--- Material to process ---
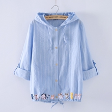春季新款甜美小清新可爱猫咪印花连帽宽松长袖防晒衫外套女学院风
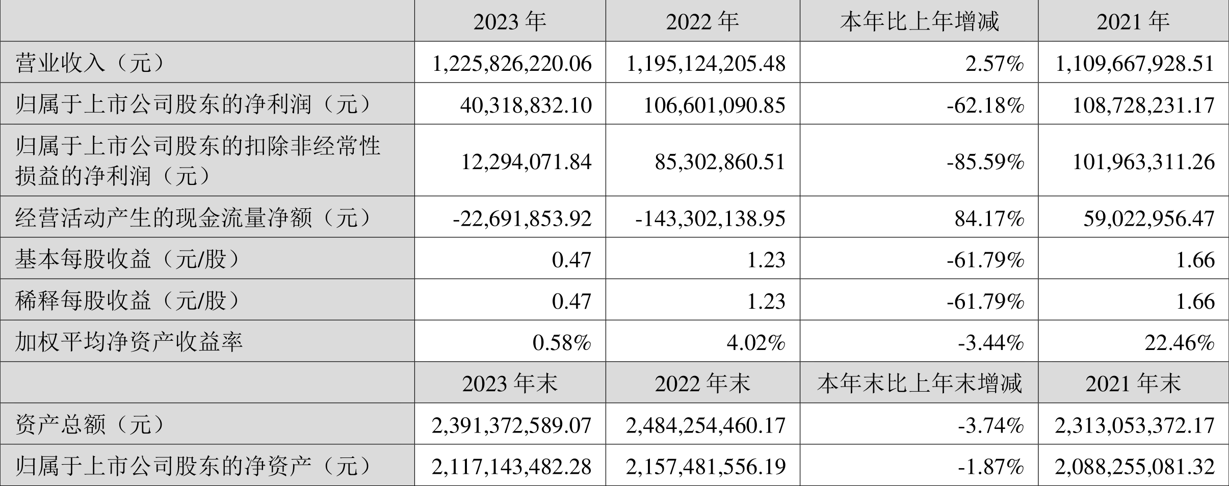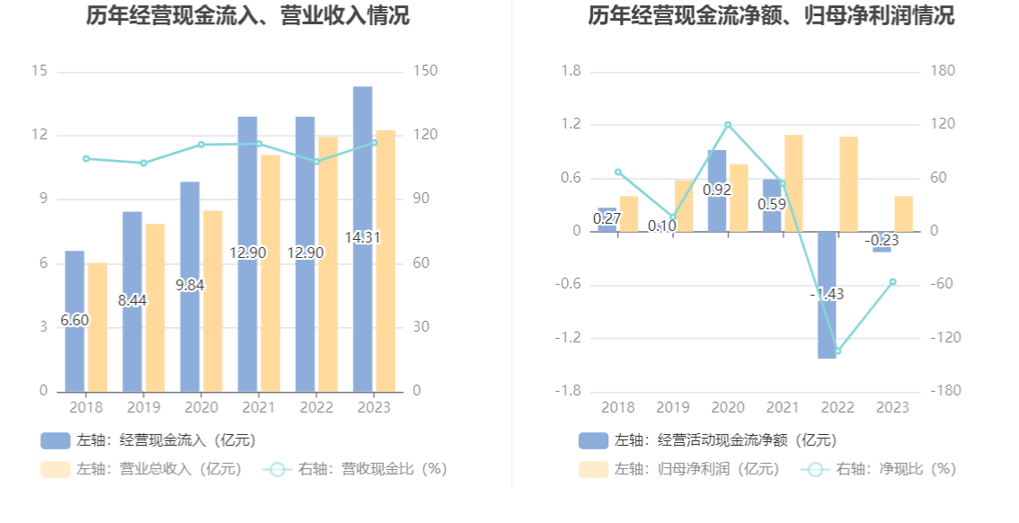 2023年,公司筹画行径现款流净额为-2269.19万元,同比增多1.21亿元;筹资行径现款流净额-1.68亿元,同比减少1.87亿元;投资行径现款流净额-1.50亿元,上年同时为-10.18亿元。
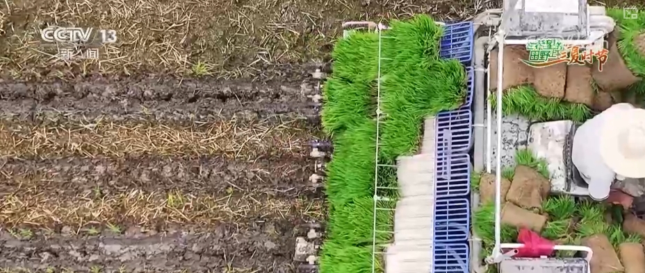 设定好插秧深度、间距这些参数,自动插秧机就能快速精准地把秧苗种到地里。相比传统的人工插秧,机械插秧的效率也大大提高,人工插秧1个人1天插秧最多不超过1亩。而现在,机械插秧1亩地只需15分钟,1台机器1天就能插几十亩地,而且机械插秧更加精确,有利于秧苗后期的返青和管理。同时,它的种植密度也更大,在这里1亩地能种到10万棵秧苗,相应的产量也就会更高。
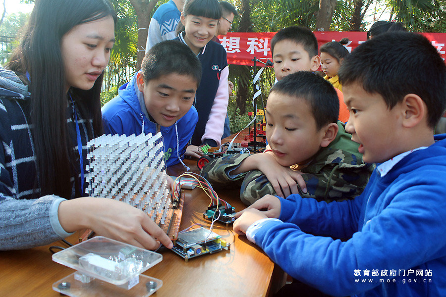 志愿者在為小朋友演示講解“光立方”的功能。(石玉成 周志輝/攝)
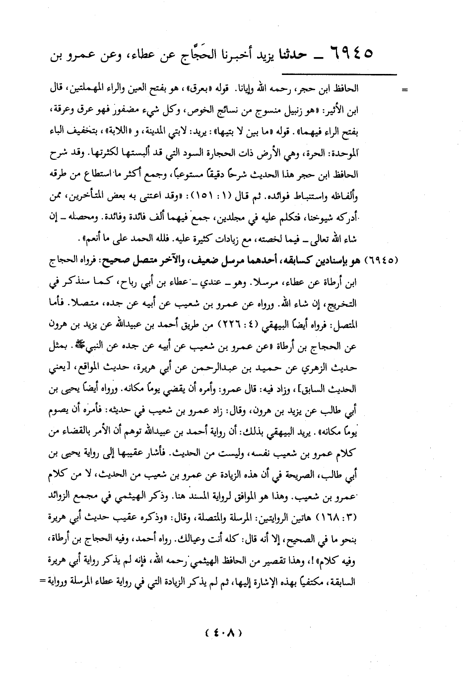 6945 - حدثنا يزيد أخبرنا الحَجَّاج عن عطاء، وعن عمرو بن
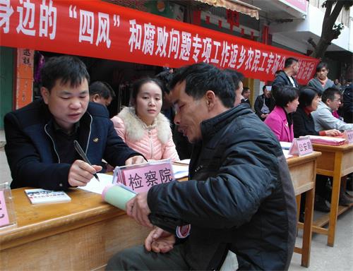 “我村有一笔款项去向不明,我想向检察同志反映……”、“检察官,快要过年了,可是老板迟迟不发工资给我们,这事你们管不管……?”;“请坐下来,您慢慢说……”、“您反映的问题我们已作记录,待调查核实后依法给您答复……”这是岑溪市检察院参与2016年春节期间全市在各镇开展返乡农民工专场公开大接访活动中常常听到检察官与群众对话情景。
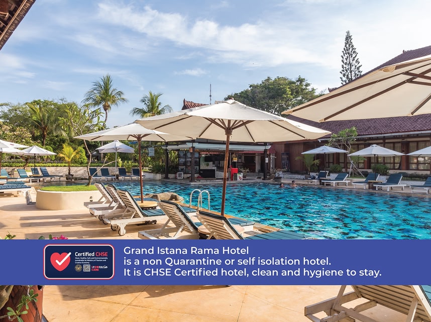 Το Grand Istana Rama Hotel βρίσκεται σε κοντινή απόσταση με τα πόδια από την παραλία Kuta και την πλατεία Kuta, καθώς και από την έντονη νυχτερινή ζωή του Jalan Legian. Διαθέτει μπαρ τοποθετημένο μέσα στην εξωτερική πισίνα.
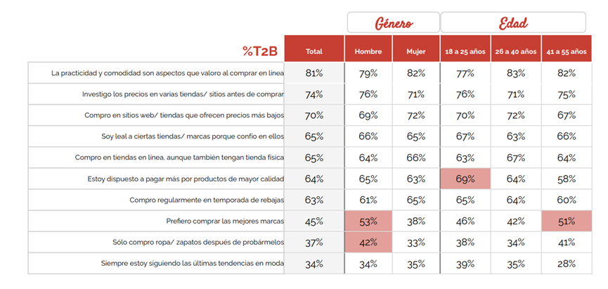 有81%的墨西哥消费者表示,在网购时尚类商品时最看重的是产品的实用性和舒适度;其次,74%的消费者会在购买前在多家商店、渠道对价格进行调查和对比;70%的消费者会在提供最大优惠、最好价格的平台、商店进行下单;有65%的用户在购物时对特定品牌有偏好,对其有忠诚度;65%的消费者更偏好线上下单,即使该品牌有实体店;64%的消费者愿意为更高质量的产品支付溢价;63%的消费者会经常性的参与销售大促;45%的消费者偏好来自更好品牌的商品;有37%的消费者表示只有在试穿后才会下单;而追随潮流的消费者则有34%。

--- Task statement ---
Word for word, give the entries back in full; the pictures do not belong in the copy.

--- Answer below ---
春季新款甜美小清新可爱猫咪印花连帽宽松长袖防晒衫外套女学院风
 2023年,公司筹画行径现款流净额为-2269.19万元,同比增多1.21亿元;筹资行径现款流净额-1.68亿元,同比减少1.87亿元;投资行径现款流净额-1.50亿元,上年同时为-10.18亿元。
 设定好插秧深度、间距这些参数,自动插秧机就能快速精准地把秧苗种到地里。相比传统的人工插秧,机械插秧的效率也大大提高,人工插秧1个人1天插秧最多不超过1亩。而现在,机械插秧1亩地只需15分钟,1台机器1天就能插几十亩地,而且机械插秧更加精确,有利于秧苗后期的返青和管理。同时,它的种植密度也更大,在这里1亩地能种到10万棵秧苗,相应的产量也就会更高。
 志愿者在為小朋友演示講解“光立方”的功能。(石玉成 周志輝/攝)
 6945 - حدثنا يزيد أخبرنا الحَجَّاج عن عطاء، وعن عمرو بن
 “我村有一笔款项去向不明,我想向检察同志反映……”、“检察官,快要过年了,可是老板迟迟不发工资给我们,这事你们管不管……?”;“请坐下来,您慢慢说……”、“您反映的问题我们已作记录,待调查核实后依法给您答复……”这是岑溪市检察院参与2016年春节期间全市在各镇开展返乡农民工专场公开大接访活动中常常听到检察官与群众对话情景。
 Το Grand Istana Rama Hotel βρίσκεται σε κοντινή απόσταση με τα πόδια από την παραλία Kuta και την πλατεία Kuta, καθώς και από την έντονη νυχτερινή ζωή του Jalan Legian. Διαθέτει μπαρ τοποθετημένο μέσα στην εξωτερική πισίνα.
 有81%的墨西哥消费者表示,在网购时尚类商品时最看重的是产品的实用性和舒适度;其次,74%的消费者会在购买前在多家商店、渠道对价格进行调查和对比;70%的消费者会在提供最大优惠、最好价格的平台、商店进行下单;有65%的用户在购物时对特定品牌有偏好,对其有忠诚度;65%的消费者更偏好线上下单,即使该品牌有实体店;64%的消费者愿意为更高质量的产品支付溢价;63%的消费者会经常性的参与销售大促;45%的消费者偏好来自更好品牌的商品;有37%的消费者表示只有在试穿后才会下单;而追随潮流的消费者则有34%。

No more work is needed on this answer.